9. Non-seulement les saints anges, mais aussi les hommes prédestinés confirment et règlent toutes leurs voies sur ces voies de Notre-Seigneur. Le premier degré par lequel l’homme misérable sort de l’abîme des vices est cette miséricorde par laquelle il a compassion du fils de sa mère, compassion de son âme, et travaille à plaire à Dieu. Car, il imite alors le grand ouvrage de la divine miséricorde. Il est brisé de componction avec celui qui l’a été de douleur pour lui, et meurt aussi en quelque sorte pour son salut, et ne l’épargne pas par cette compassion qu’il a de lui-même lorsqu’il retourne à son cœur, comme parle l’Écriture-Sainte, et qu’il rentre dans le plus intime de son âme.

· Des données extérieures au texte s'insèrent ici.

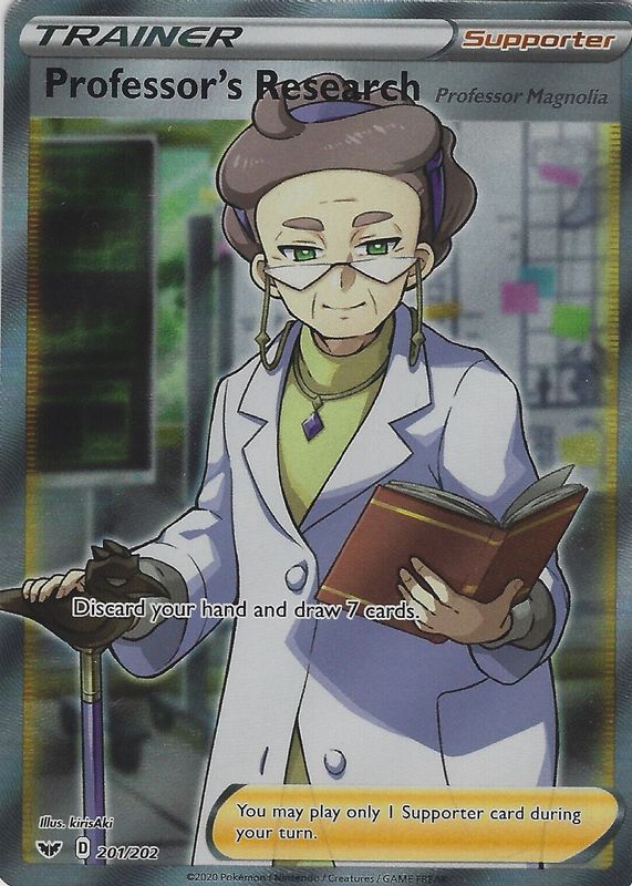 The Professor's Research 2020 Sword & Shield #201/202 Holo (Full Art) card in Raw TCG (Near Mint) condition has moved up $0.97 (+19.9%) in the last 30 days and was last sold for $5.84 .

Il ne lui reste plus qu’à s’engager dans la voie royale qui mène à la vérité, et à joindre la confession de la bouche à la contrition du cœur, comme je vous ai souvent recommandé de le faire; car nous croyons du cœur pour la justice, et nous confessons de la bouche pour le salut. Il est nécessaire, que celui qui retourne à son cœur en se convertissant, devienne petit à ses yeux, selon cette parole de la Vérité même : « Si vous ne vous convertissez, et ne devenez comme un petit enfant, vous n’entrerez point dans le royaume des cieux (Matth. XVIII; 3). » Il faut qu’il n’essaie pas de dissimuler ce qu’il ne peut ignorer; mais qu’il reconnaisse que son péché a fait de lui un néant. Il ne faut pas qu’il ait honte de produire au dehors, dans la lumière de la vérité, les défauts qu’il voit, avec des sentiments de compassion, dans le fond de son cœur. Par ce moyen, l’homme entre dans les voies de la miséricorde et de la vérité, qui sont les voies du Seigneur, les voies de la vie. Or, le terme assuré où elles aboutissent, est le salut de ceux qui les suivent jusqu’au bout.
10. Ce n’est pas tout; mais il est évident que les anges aussi tendent aux mêmes voies; car, lorsqu’ils montent à la contemplation de Dieu, ils cherchent la vérité dont ils se remplissent incessamment en la désirant, et qu’ils désirent toujours en la possédant. Lorsqu’ils descendent, ils exercent envers nous la miséricorde, puisqu’ils nous gardent dans toutes nos voies. Car ces bienheureux esprits sont les ministres de Dieu qui nous sont envoyés pour nous venir en aide (Hebr. 1, 14); et, dans cette fonction, ce n’est pas à Dieu qu’ils rendent service, mais à nous. Or ils imitent en cela, l’humilité du Fils de Dieu, qui n’est point venu pour être servi, mais pour servir, et qui a vécu parmi ses disciples, comme s’il avait été leur serviteur (Matt. XX, 28). L’utilité que les anges retirent pour eux en suivant ces voies, c’est leur propre bonheur et la perfection de l’obéissance dans la charité; et celle que nous en recueillons nous-mêmes, c’est la communication qui nous est faite des grâces de Dieu; et l’avantage d’être gardés par eux dans nos voies, puisque Dieu a commandé à ses anges de nous garder dans tous nos besoins, et dans tous nos désirs. Si nous manquions de ce secours, nous pourrions entrer facilement dans la voie de 1a mort, et passer de la nécessité dans l’obstination, et de la cupidité dans la présomption, qui sont les voies non des hommes, mais des démons. Car en quoi les hommes sont-ils ordinairement le plus opiniâtres, sinon dans les choses qu’ils feignent ou s’imaginent appartenir à la nécessité ? Si on les avertit, ils vous répondent, je puis ce que je puis, et rien au-delà (Térence). Mais vous, si vous en êtes là, montrez d’autres sentiments. Quant à la présomption, nous n’y tombons que lorsque nous y sommes poussés par l’ardeur et la violence de nos désirs.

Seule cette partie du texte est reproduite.